Location: Corn Host Plant Resistance ResearchTitle: Genetic variants and underlying mechanism influencing variance heterogeneity in maize
|LI, HUI - Huazhong Agricultural University|
|WANG, MIN - Huazhong Agricultural University|
|LI, WEIJUN - Huazhong Agricultural University|
|HE, LINLIN - Huazhong Agricultural University|
|ZHOU, YUANYUAN - Huazhong Agricultural University|
|ZHU, JIANTANG - Huazhong Agricultural University|
|RONGHUI, CHE - Huazhong Agricultural University|
|YANG, XIAOHONG - Huazhong Agricultural University|
|YAN, JIANBING - Huazhong Agricultural University|
Submitted to: Plant Journal
Publication Type: Peer Reviewed Journal
Publication Acceptance Date: 4/20/2020
Publication Date: 4/28/2020
Citation: Li, H., Wang, M., Li, W., He, L., Zhou, Y., Zhu, J., Ronghui, C., Warburton, M.L., Yang, X., Yan, J. 2020. Genetic variants and underlying mechanism influencing variance heterogeneity in maize. Plant Journal. 103(3):1089–1102. https://doi.org/10.1111/tpj.14786.
Interpretive Summary: Plant breeding has always tried to select the plants with the best traits.

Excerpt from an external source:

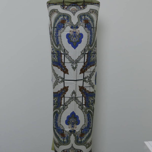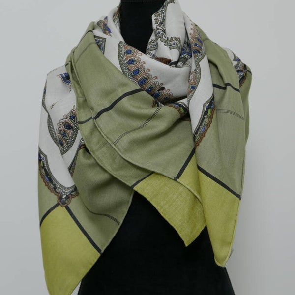 Moderne hoge kwaliteit sjaal van 30% zijde en 70% wol, eigen import dus heel exclusief. Comfortabel zacht en soepel, geschikt voor alle seizoenen. Heldere kleuren en een geweldige textuur. Dit is een enkelzijdige bedrukking op zijden. Met de hand afgewerkte zoom. De afmeting is 135*135cm. Ook uitermate geschikt als cadeautje, met onze luxe verpakking geeft u een cadeau wat zeker indruk maakt.
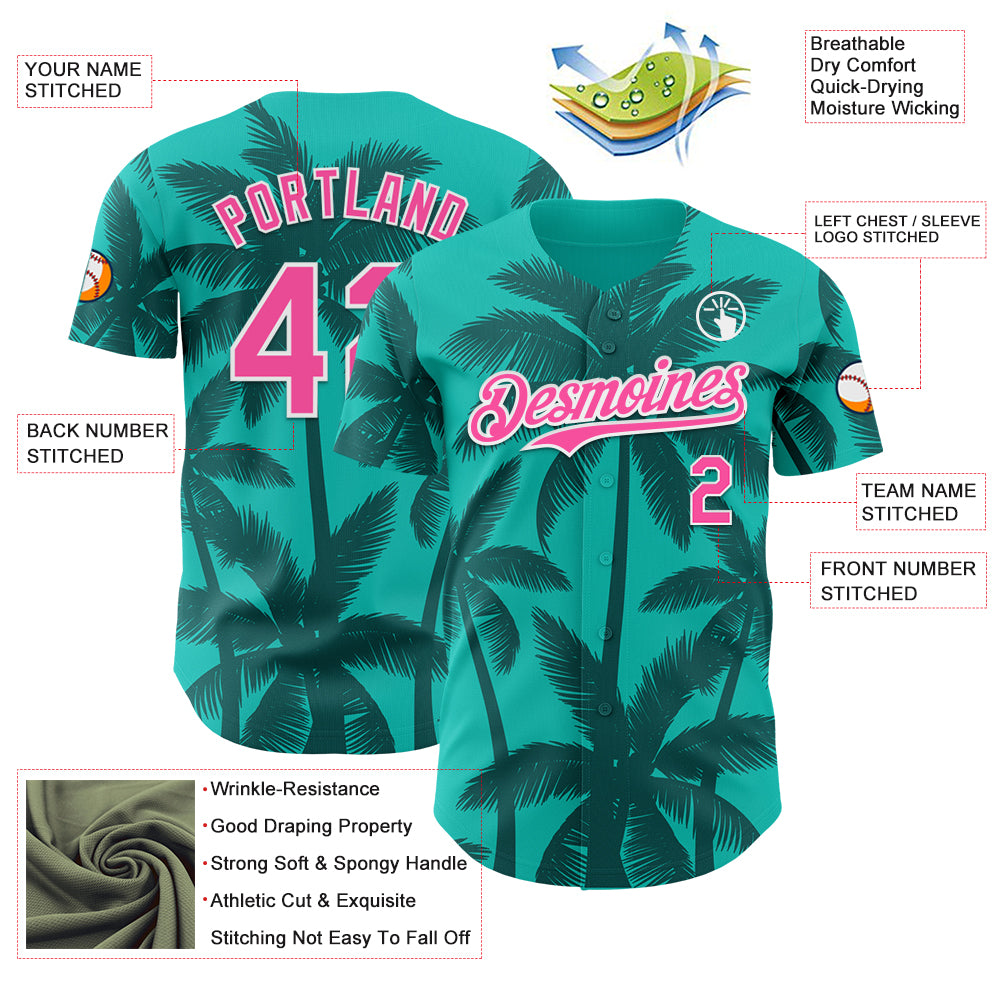 Custom Aqua Pink Teal-White Tropical Hawaii Palm Trees Authentic Baseball Jersey

Traditionally, this has been done by selecting the plants that looked the best, but with some traits, plants could look good because of factors in the environment in which they were grown; this good performance was not passed on to their offspring. Recently, geneticists have been able to identify some of the genes that cause good expression of the trait and select them in the lab; while these are passed on to the offspring, not all the genetic information needed for best expression of the trait have ever been identified. This is partly because sometimes, the combination of two genes gives a synergistic boost to the trait, and having only one of the two genes gives less than half as good performance. This extra boost is often hidden by traditional genetics experiments, and this paper shows an analysis method to uncover these synergies and exploit them. This should improve plant breeding for any trait of interest, and will therefore be a very important new plant breeding tool.
Technical Abstract: Traditional genetic studies focus on identifying genetic variants associated with the mean value of a quantitative trait. Because genetic variants also influence phenotypic variation via heterogeneity, we performed a variance-heterogeneity genome wide association study (vGWAS) to examine contribution of variance heterogeneity to oil-related quantitative traits. We identified 79 unique vSNPs from the sequences of 77 candidate variance heterogeneity genes of 21 oil-related traits using Levene’ test (P < 1.0 × 10-5). About one-third of the candidate genes encode enzymes working in lipid metabolic pathways, and most of which define clear expression variance QTLs (evQTL). The vSNPs specifically associated with the genetic variance heterogeneity of oil concentration, 40% can be explained by additional linked mean-effects genetic variants. Furthermore, we demonstrated that gene x gene interactions play important roles in the formation of fatty acid compositional variance heterogeneity. The interaction pattern was validated for one gene pair (GRMZM2G035341 and GRMZM2G152328) using Yeast two-hybrid (Y2H), Bimolecular fluorescent complimentary (BiFC) and Co-immunoprecipitation (Co-IP) analysis. Our findings have implications for uncovering the genetic basis of hidden additive genetic effects, epistatic interaction effects, and indicated opportunities to stabilize efficient high-oil maize breeding and selection.